In a first aspect, an embodiment of the present disclosure provides an SDT processing method for a non-terrestrial network, the method is executed by a terminal device, and the method includes:

determining the location information of the terminal device;

The SDT transmission condition is judged according to the location information of the terminal device.

In this technical solution, the NTN network can support SDT by considering location information when applying the SDT technology in the NTN network.

In an implementation manner, the judging the SDT transmission condition according to the location information of the terminal device includes: judging whether the timing advance TA value used for the SDT is valid according to the location information of the terminal device.

In a possible implementation manner, the judging whether the timing advance TA value used for the SDT is valid according to the location information of the terminal device includes: for the SDT adopting the Configured Grant resource allocation mode, in the When the location information of the terminal device satisfies the first preset condition, it is determined that the TA (Timing Advance, timing advance) value used for the SDT is valid.

In this technical solution, by considering the location change factor of the terminal device when judging whether the TA value is valid, so that the terminal device uses the valid TA value for time alignment, the time synchronization of the network side device can be guaranteed, the uplink data can be correctly decoded, and the cell internal interference.

In a possible implementation manner, the judging whether the timing advance TA value used for the SDT is valid according to the location information of the terminal device includes: for the SDT adopting the Configured Grant resource allocation mode, in the When the location information of the terminal device satisfies a first preset condition and the reference signal received power RSRP change information satisfies the first change condition, it is determined that the TA value used for the SDT is valid.

In this technical solution, it is judged whether the TA value is valid by combining the position change factor of the terminal device and the change of RSRP (Reference Signal Receiving Power, reference signal receiving power), so that the terminal device can use the effective TA value for time alignment, which can ensure that the network The time synchronization of the side equipment can correctly decode the uplink data and avoid interference in the cell.

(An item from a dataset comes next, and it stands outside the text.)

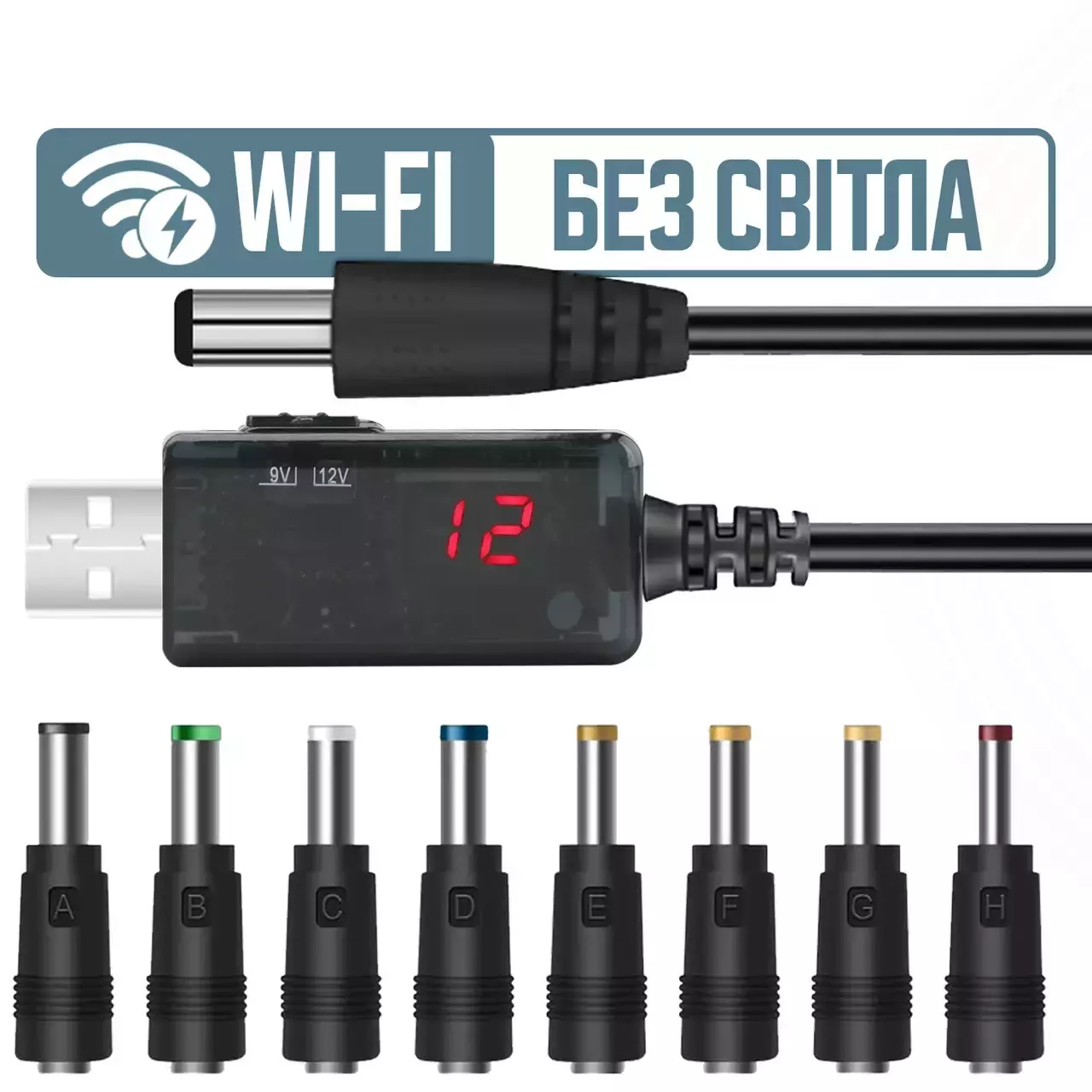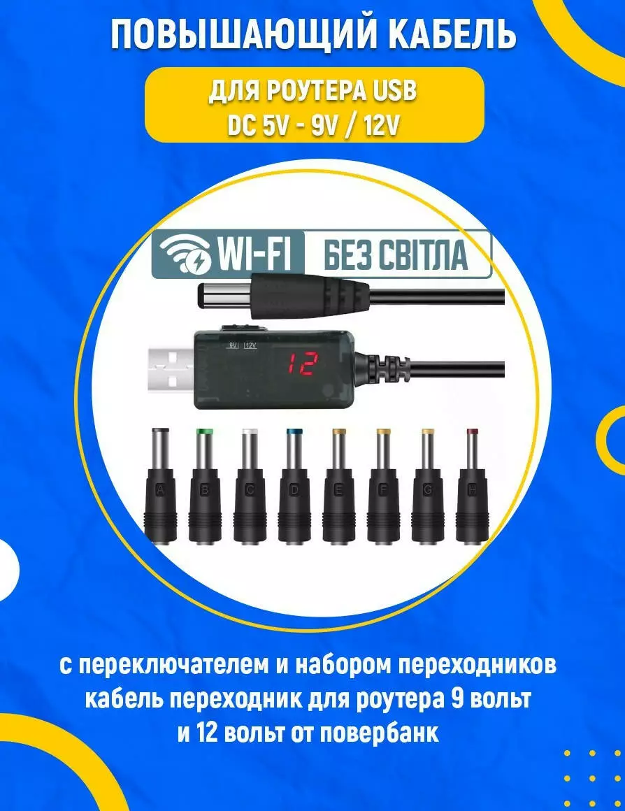 Повышающий кабель для роутера USB DC 5V - 9V / 12V 90 см с переключателем и набором 8 переходников кабель

Optionally, the location information of the terminal device meeting the first preset condition includes at least any one of the following: the distance between the terminal device and the network-side device is relative to the last acquired or recorded distance between the terminal device and the network The distance from the terminal device to the network-side device is increased by the first distance threshold; the distance from the terminal device to the network-side device is reduced by the first distance threshold relative to the distance obtained or recorded last time from the terminal device to the network-side device The round-trip time RTT between the terminal device and the network-side device is increased by a first time threshold relative to the last acquired or recorded RTT between the terminal device and the network-side device; the terminal device and the network-side device The round-trip time RTT between the network-side devices is reduced by the first time threshold relative to the last acquired or recorded RTT between the terminal device and the network-side device; the TA value estimated by the terminal device The first threshold is increased relative to the currently used TA value; the TA value estimated by the terminal device is decreased by the first threshold relative to the currently used TA value.

Optionally, the RSRP change information satisfies the first change condition, including: the absolute value of the difference between the currently measured downlink path loss reference RSRP value and the stored downlink path loss reference RSRP value is smaller than the first threshold limit.

In an implementation manner, the judging the SDT transmission condition according to the location information of the terminal device includes: judging whether to initiate the small data transmission SDT according to the location information of the terminal device.

In a possible implementation manner, the determining whether to initiate a small data transmission SDT according to the location information of the terminal device includes: judging whether the location information of the terminal device satisfies a second preset condition; responding to the The location information of the terminal device satisfies the second preset condition, and the SDT is initiated.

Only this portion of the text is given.